Há dias escrevia aqui que o governo estava em prisão domiciliária, sem poder ausentar-se dos ministérios. E que, para se deslocar pelo país a fazer de conta que existia, teria de mandar construir túneis e bunkers.
Sem tempo – nem recursos – para isso, o primeiro-ministro optou por, nas suas deslocações, trocar as voltas a toda a gente – entrando pelas portas dos fundos que todos os edifícios têm – e por reforçar os meios de segurança. Ontem, no ISCSP, onde Passos Coelho se deslocou para participar na homenagem a Adriano Moreira, os seguranças não tiveram mãos a medir, chegando ao cúmulo de ameaças sobre um operador de câmara da TVI. Para identificar (?) um miúdo que tinha apupado o chefe do governo viu-se um autêntico batalhão de polícia…

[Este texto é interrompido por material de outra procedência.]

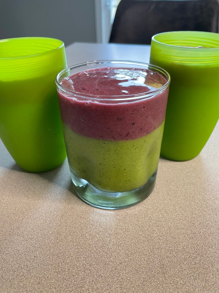Once berries have been completely blended you will add it to your cups. The smoothie should be thick enough that they will be separate layers. My boys love that these look like ninja turtles. They drink up every last drop which makes me a proud mama since it has a lot of vitamins and nutrients!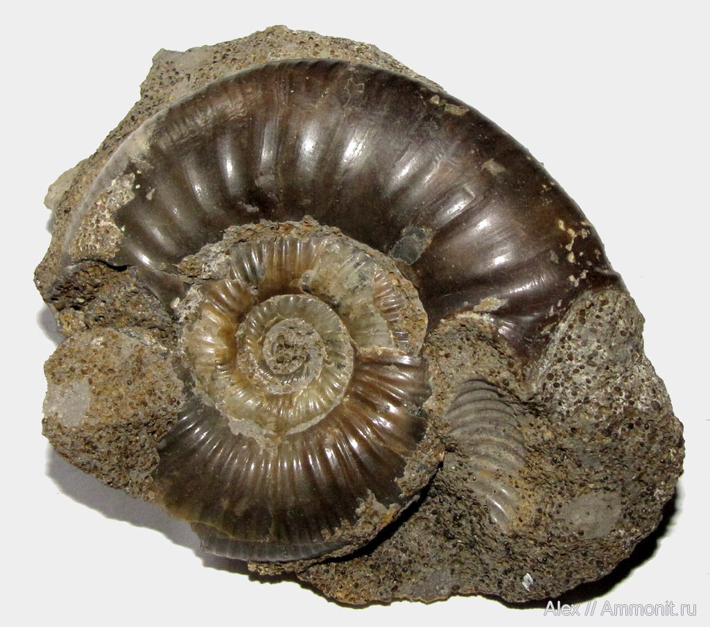 Аммонит Indosphinctes с частично сохранившейся раковиной и устьем. Диаметр 63 мм. Сохранилось бы и ушко, но под ним оказалась маленькая раковина другого аммонита, которая при извлечении отлетела, унеся с собой часть ушка этого индосфинктеса.

Hoje, numa deslocação para um almoço com empresários em Cascais, as mesmas cenas: segurança reforçada, a trocar as voltas aos jornalistas e a empurrá-los para bem longe do chefe do governo. E apupos da população…

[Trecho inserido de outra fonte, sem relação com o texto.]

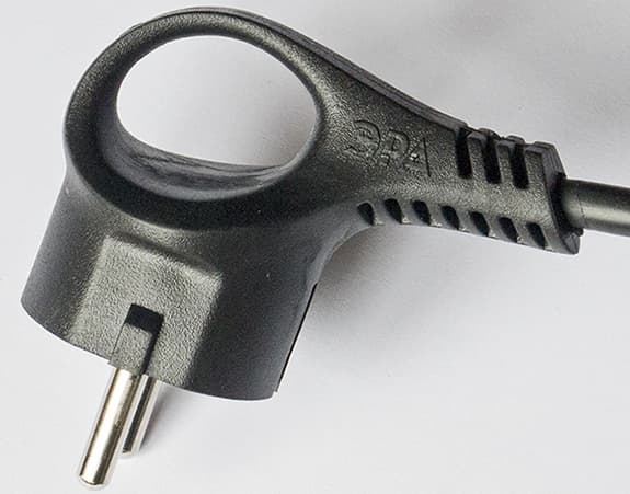 | Кабель | 3×0,75 мм² — для длительной работы с заявленным макс. током 10 А мало. Вилка Schuko CEE 7/7 (с доп. отверстием для заземляющего штыря). Защита от перетирания в месте входа в корпус есть, крепление хоть и без дополнительного зажима, но довольно прочное благодаря достаточно толстой стенке корпуса в этом месте. |

É penoso, o constrangedor paralelo entre os ambientes interiores, onde Passos Coelho discursa – e até se esforça por citar Camões - e os cá de fora, da rua, quando entra e sai!
Os ministros, todos sem excepção, são vaiados sempre que saem ao contacto público. Tem sido evidente que passaram a fugir a esse contacto, procurando portas e travessas que os levem aos seus protegidos e bunkerizados destinos sem esse incómodo de enfrentar a população.

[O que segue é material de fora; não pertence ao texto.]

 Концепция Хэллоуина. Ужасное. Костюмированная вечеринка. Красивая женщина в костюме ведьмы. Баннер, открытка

Os mais recentes casos vêm precisamente do fim-de-semana. A ministra Assunção Cristas, que há poucos dias escapara a um ovo em Santarém, tinha em Aveiro muita gente à sua espera em protesto. Mas tinha também muita polícia capaz de a encaminhar tranquilamente para o interior do auditório – onde encerraria um seminário alusivo aos 50 anos da PAC – vazio!
Miguel Macedo, o ministro da Administração Interna, deslocou-se a Campia - Vouzela – para inaugurar um edifício do destacamento local dos bombeiros. E lá estava a multidão em protesto… Miguel Macedo, com um estranho sentido de oportunidade, achou por bem dizer que os portugueses são cigarras, em vez de formigas!
Gasolina na fogueira: para quem tem o pelouro dos incêndios não é lá muito abonatório…
O governo está definitivamente de relações cortadas com a população e, a partir de agora, ou todos os seus membros permanecem bloqueados nos seus ministérios – um governo em regime de prisão domiciliária – sem de lá poderem sair, ou passam a mandar construir túneis e bunkers por todo o país – o sector da construção e o emprego agradecem – para que possam manter actos protocolares que lhes alimentam a sensação de estarem vivos. E ministros!
Mas não será certamente fácil de perceber que se possa governar assim.